Fred didn't respond right away. "It's not easy to just come to terms with someone's death after you simply dream that they tell you to," he finally said.
"I didn't say it was. I did say it was easier said than done. I said it wasn't the same. I'm still not okay with the fact that Noah died. But I guess what I'm saying is I'm ready to stop fighting against what's already happened and what can't be undone. I'm trying to adapt. Like I said, real or not, this dream gave me the goodbye I still felt I needed. It gave me one last opportunity to see Noah alive instead of having to be haunted by the image of his dead body for so long. This dream gave me what I wanted. What I needed."
"It doesn't seem that way," Fred said. "You were crying."
"So?" I asked with a slight laugh. "That's nowhere near how badly I reacted to my other nightmares."
Fred shrugged. "I still don't like seeing it," he muttered, still gazing at the wall across from us.
"Well, then why don't you just invent something that'll turn off my feelings completely?" I snorted and rolled my eyes as sarcasm dripped from my every word.

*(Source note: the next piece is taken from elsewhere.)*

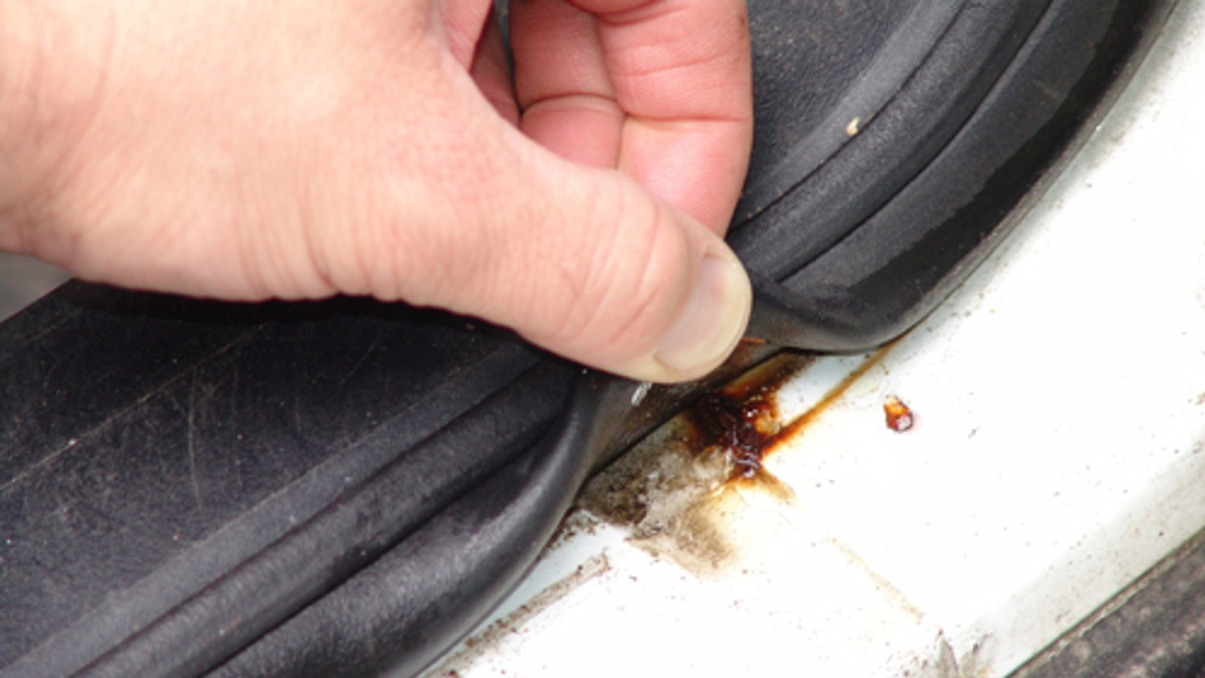 Skorodowane krawędzie drzwi to częsty problem, nierzadko wynikający z tego, że.. podczas nakładania masy antykorozyjnej zostały zatkane odpływy wody.

Fred shot me a look. "I'm trying to protect you."
I turned to look up at him, my expression softening. "I know that, and I'm grateful that you are, but you can't shield me from everything. If you don't even want me to cry, then I'm not sure what to tell you. People feel things, Fred. As brilliant as you are, you can't change that. And I wouldn't think you'd want to."
Fred let out a heavy sigh and pinched the bridge of his nose with the hand that wasn't around my shoulders. "You're right. I wouldn't." He lowered his hand from his nose and looked down at me, studying my face before leaning in and kissing me. "You're sure you're okay?"
"Yeah," I nodded. "Positive." I leaned up and kissed him again before snuggling against him, nestling my head into the crook of his neck as he wrapped both of his arms around me. "I love you, Freddie," I murmured.
"I love you too," he whispered back.